• 25 Jan 2017
  • 4 Min read

Industry round-up: Google rolls out penalties for intrusive pop-ups & privacy search engine DuckDuckGo passes 10 billion milestone

The latest edition of our industry round-up will make sure you’re up to speed with the latest digital marketing news, which includes Google rolling out its penalty policy for mobile intrusive interstitials, Google’s new Android search app searching even when you lose connection, and privacy search engine DuckDuckGo hitting a new milestone.

Google rolls out penalties for intrusive adsWoman on a mobile phone

Google has confirmed that new penalties have been brought in for pop-ups that intrude on the user’s browsing experience when accessed from a search results page. These pop-ups, which are known as interstitials, often block content with requests or adverts before you can continue reading the page. The roll-out began on the 10 January 2017 and was confirmed by Google webmaster trend analysts John Mueller and Gary Illyes on Twitter.

On its webmaster blog in August 2016, Google outlined the steps it was going to take to make content more accessible for users of mobile devices. One of these measures is to penalise pages that obstruct content visited straight from a results page with interstitials.

The search giant said: “[P]ages where content is not easily accessible to a user on the transition from the mobile search results may not rank as highly.” This means that the penalties will only affect the first page accessed from a mobile results page that has an intrusive interstitial, and will not impact those that crop up as the user navigates to other pages within the site.

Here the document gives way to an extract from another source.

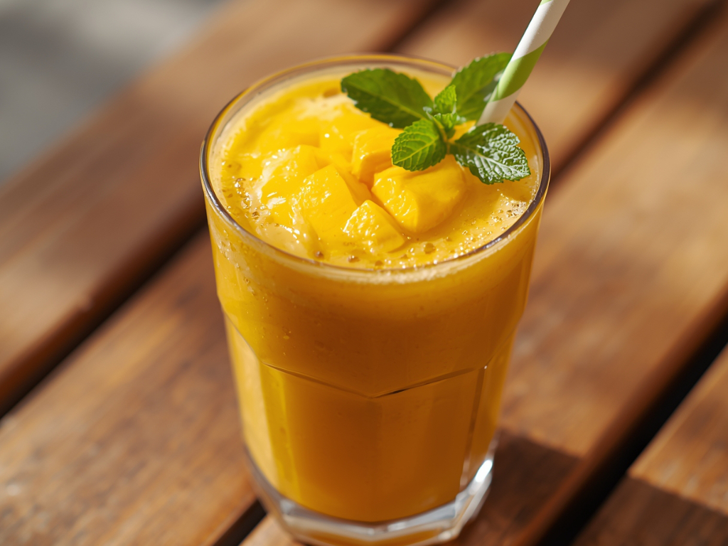 - Serve: Pour the smoothie into glasses and serve immediately. For an extra tropical touch, garnish with a small slice of mango or a mint leaf.

Google also outlined the types of interstitials that were going to be penalised, which include:

  • Pop-up adverts that cover all of the content immediately after accessing the page or during the time spent browsing it.
  • Standalone interstitials that have to be dismissed before browsing content.
  • Page layouts that present the above-the-fold portion as an interstitial and hide content beneath it.

They also gave details about which types of interstitials that would not be penalised if they were used within reason:

  • Interstitials that carry a legal purpose, like cookie disclaimers or requests for a user’s age.
  • Log-in interstitials that appear when content is not publicly indexable, such as content behind a paywall.
  • Page banners that leave a good amount of space around them and can be easily dismissed.

Google’s new Android search app keeps searching even when you lose connection

Google Android search

It can be frustrating when you move into an area with low phone signal and your browsing comes to an unexpected halt, but the new Google Android app has a solution that could make life easier.

In a recent blog post, the search giant announced that its newly developed app for Android devices will continue trying your search after you lose signal, and inform you when results are ready to view.

As searches are resubmitted once you regain signal, you can queue up your queries and easily access them once you get some bars.

Privacy search engine DuckDuckGo hits 10-billion searches milestoneDuckDuckGo screenshot January 2017

DuckDuckGo, a privacy search engine that does not track any of its users’ queries, has revealed that it reached a milestone of an accumulative 10 billion searches in 2016. This figure stretches back to the launch of the website in September 2008.

In a blog post, founder Gabriel Weinberg said that 4 billion of those searches came in 2016 alone and that people were seeking ways to reduce their digital footprint. He cited a Pew Research study that found that 40% of people believe their search engine provider should not store information about their activity.

As well as not tracking its users’ queries, DuckDuckGo steers clear of personalised results, instead favouring results from crowdsourced websites like Wikipedia and from partnerships with other search engines like Yahoo! and Bing. This means that whoever the user is, they will always get the same results, even if they are in a different location or have browsed more websites since their last visit.